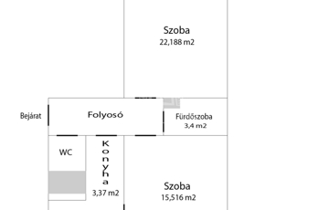 Lehetőség van arra is, ha esetleg valaki a nagyobb szobából szeretne amerikai nappalis konyhát kialakítani, akkor a jelenlegi konyhából és étkezőből tud nyerni még egy hálószobát.
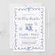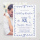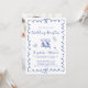 Convite de recepção de casamento romântico com uma moldura ondulada azul francês adornada com laços coquetes, ilustrações caprichosas desenhadas à mão de um coração, estrelas e taças de vinho, e "Recepção de Casamento" e os nomes da noiva e do noivo exibidos em um script azul divertido. Adicione sua foto no verso.
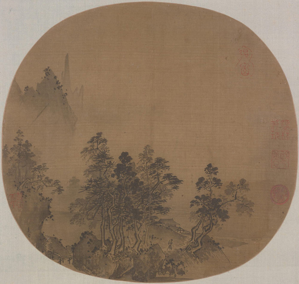 本幅自识:“夏圭”。钤鉴藏印“得密”(朱文)、“墨林秘玩”(朱文)、“醉兮姜心”(朱文)、“江村”(朱文)、“若水轩”(朱文)。曾经《书画鉴影》著录。图中绘一老者走过板桥,沿小径而行,远处山林后隐现房舍一角,意境幽深。近景树石着重墨,中景以淡墨勾染,至远景则以极浅淡的水墨渲染出一片雾色,拉开空间层次。用笔轻松简洁,皴中带染,染中有皴,整体风格不失精致秀润。构图是夏圭惯用的半边式。

• _Your task_
The listing must be returned in full and exactly, apart from its pictures.

• _Finished exercise_
 Lehetőség van arra is, ha esetleg valaki a nagyobb szobából szeretne amerikai nappalis konyhát kialakítani, akkor a jelenlegi konyhából és étkezőből tud nyerni még egy hálószobát.
 Convite de recepção de casamento romântico com uma moldura ondulada azul francês adornada com laços coquetes, ilustrações caprichosas desenhadas à mão de um coração, estrelas e taças de vinho, e "Recepção de Casamento" e os nomes da noiva e do noivo exibidos em um script azul divertido. Adicione sua foto no verso.
 本幅自识:“夏圭”。钤鉴藏印“得密”(朱文)、“墨林秘玩”(朱文)、“醉兮姜心”(朱文)、“江村”(朱文)、“若水轩”(朱文)。曾经《书画鉴影》著录。图中绘一老者走过板桥,沿小径而行,远处山林后隐现房舍一角,意境幽深。近景树石着重墨,中景以淡墨勾染,至远景则以极浅淡的水墨渲染出一片雾色,拉开空间层次。用笔轻松简洁,皴中带染,染中有皴,整体风格不失精致秀润。构图是夏圭惯用的半边式。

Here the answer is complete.